If a referendum on Kosovo’s independence would take place tomorrow, 66% of Serb citizens would not support Kosovo’s independence. On the other hand, as many as 77% of respondents would not support Kosovo’s independence for faster EU accession, according to this year’s survey conducted by the Institute for European Affairs. A total of 1,203 respondents participated in the poll.
The Institute for European Affairs, in cooperation with the Ninamedia market research company, conducted an opinion poll from March 6th – March 12th on the position of Serb citizens towards the territory of Kosovo. A total of 1,203 respondents participated in the poll. The survey was carried out for the fifth year in a row.
The citizens have divided views on whether Kosovo has been ‘lost’. The majority believe that Serbia cannot regain full control of Kosovo. Although more than 50% of respondents are certain that the Serbian government will not recognize Kosovo’s independence, the overwhelming majority do not know what the government’s plan on this issue is.

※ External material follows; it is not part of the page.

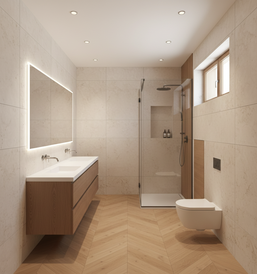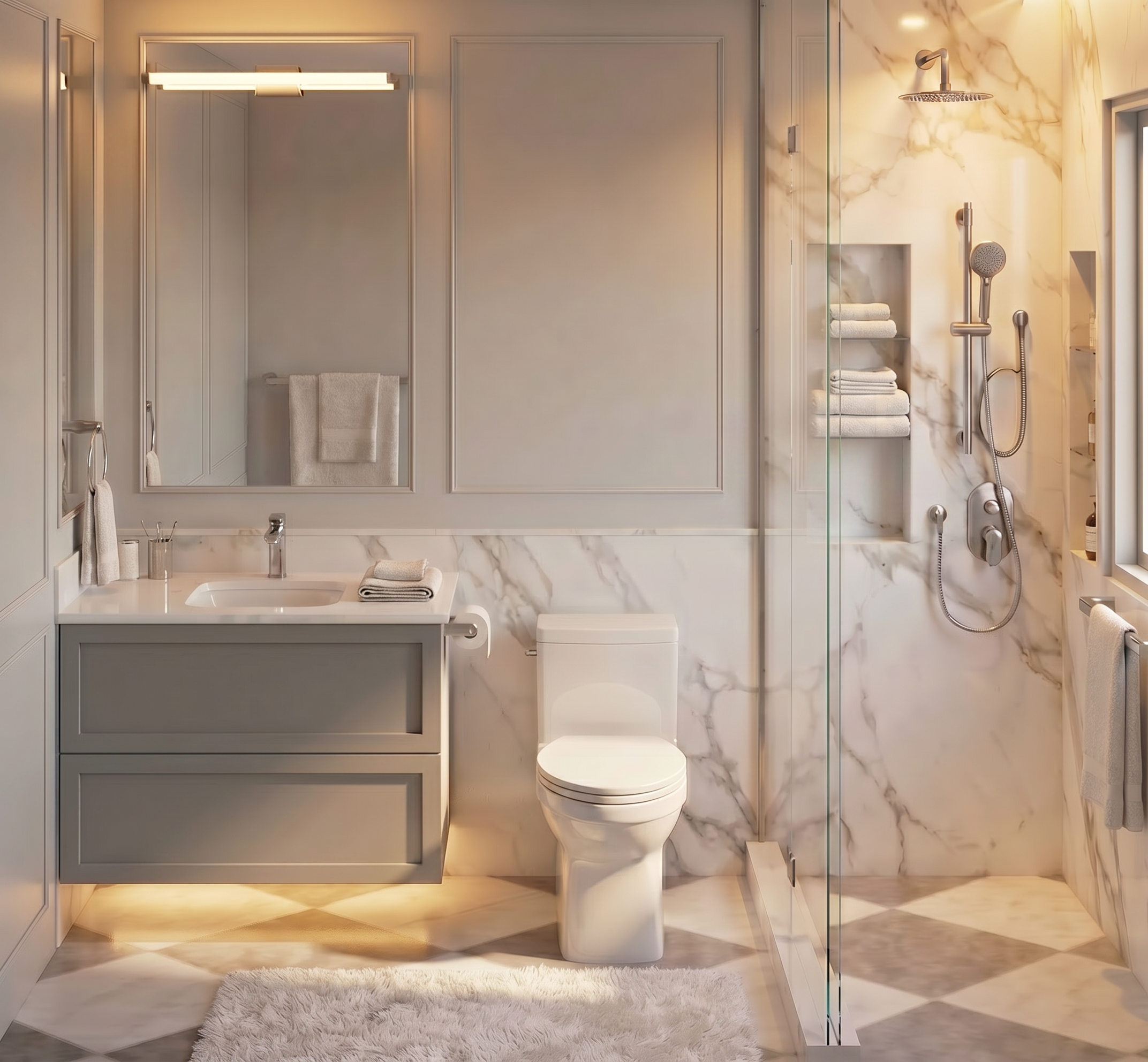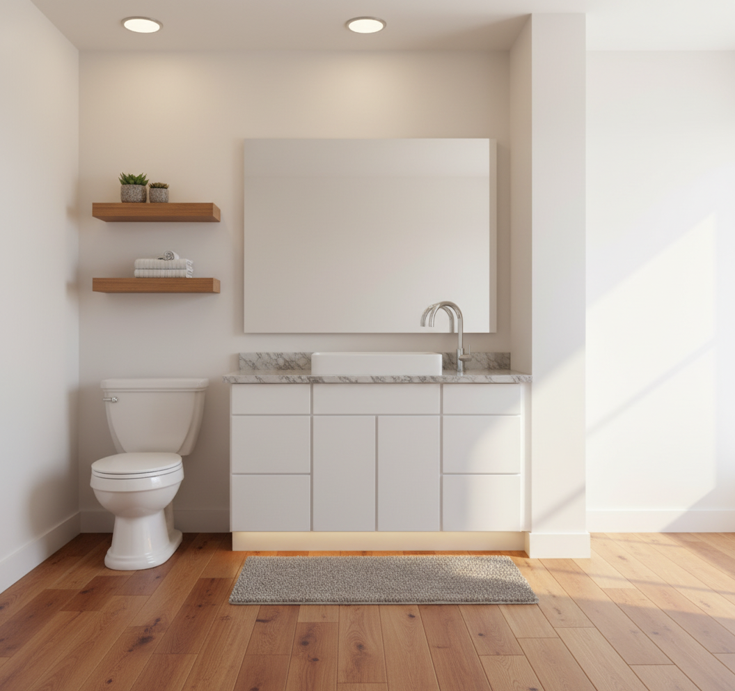 add potlights for brightness and make top of half wall same colour as vanity

While 46% of citizens think that ‘Kosovo is not lost,’ 42% have the exact opposite view, and 12% of respondents are undecided.
Compared to previous research conducted by this Institute, the number of Serbian citizens who claim that Kosovo is not lost is now on the rise, while the number of those who think it is lost is declining.

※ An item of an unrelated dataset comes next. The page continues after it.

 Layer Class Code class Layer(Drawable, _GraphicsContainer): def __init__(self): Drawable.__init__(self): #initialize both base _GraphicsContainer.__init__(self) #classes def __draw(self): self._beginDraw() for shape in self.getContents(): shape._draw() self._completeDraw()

For example, in the 2018 poll, 45% of respondents replied that Kosovo is not lost, 43% believed otherwise, but in the 2019 poll, however, those numbers rose to 47% or 41% respectively.

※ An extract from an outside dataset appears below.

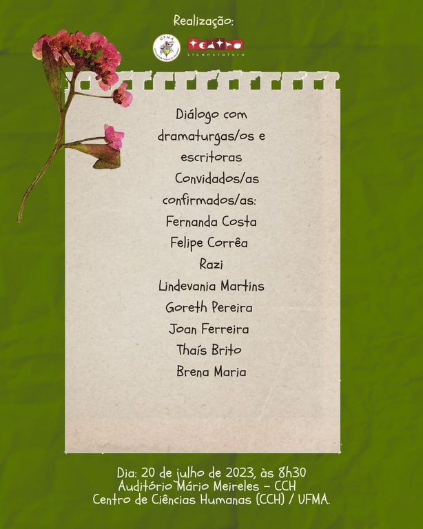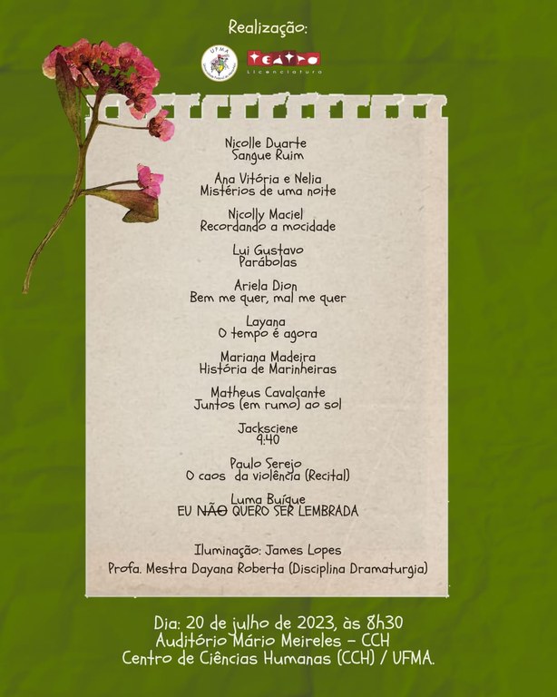 O Curso de Licenciatura em Teatro da Universidade Federal do Maranhão realizará, amanhã, 20, com início às 8h30, no Auditório Mário Meireles, localizado no Centro de Ciências Humanas Câmpus São Luís, o Sarau Dramatúrgico. O propósito do evento é apresentar à comunidade acadêmica o resultado da disciplina de Dramaturgia 2023.1, compartilhando o processo criativo dos estudantes de Teatro como um exercício público de conclusão dessa matéria.

The position that Kosovo is lost is more prevalent among respondents aged 30-44 years – more than 50% of them believe so, while almost 60% of respondents older than 60 claim that Kosovo has not been lost.
If a referendum on Kosovo’s independence were held tomorrow, the majority of respondents would vote against – 66% of them.
On the other hand, 14% would not go to the polls, 11% are undecided and 9% would vote in favor of Kosovo’s independence. The respondents who would vote against are mostly male and respondents older than 45. At the same time, the authors of the research revealed that compared to 2019, when 74.5% of respondents said they would vote against Kosovo’s independence in a referendum, that number is now lower.
When compared to the 2019 survey (74.5%), in this year’s survey, a decrease in the number of respondents who would vote against Kosovo’s independence was observed.
More than half of the respondents (53%) believe that this government will not recognize Kosovo, and more than a quarter (27%) think that it will, while a fifth of respondents are undecided.
According to the results of this survey, compared to the survey of the same organization conducted in previous years, a fewer number of citizens would vote against Kosovo’s independence in a referendum. At the same time, the number of Serb citizens who claim that Kosovo is not lost is on the rise.
The opinion that this government will not recognize Kosovo is more frequent among respondents older than 45 years of age, residents of Southern and Eastern Serbia, and suburban settlements. As the research data reveals, as the level of education increases, the number of respondents who believe that this government will not recognize Kosovo is declining.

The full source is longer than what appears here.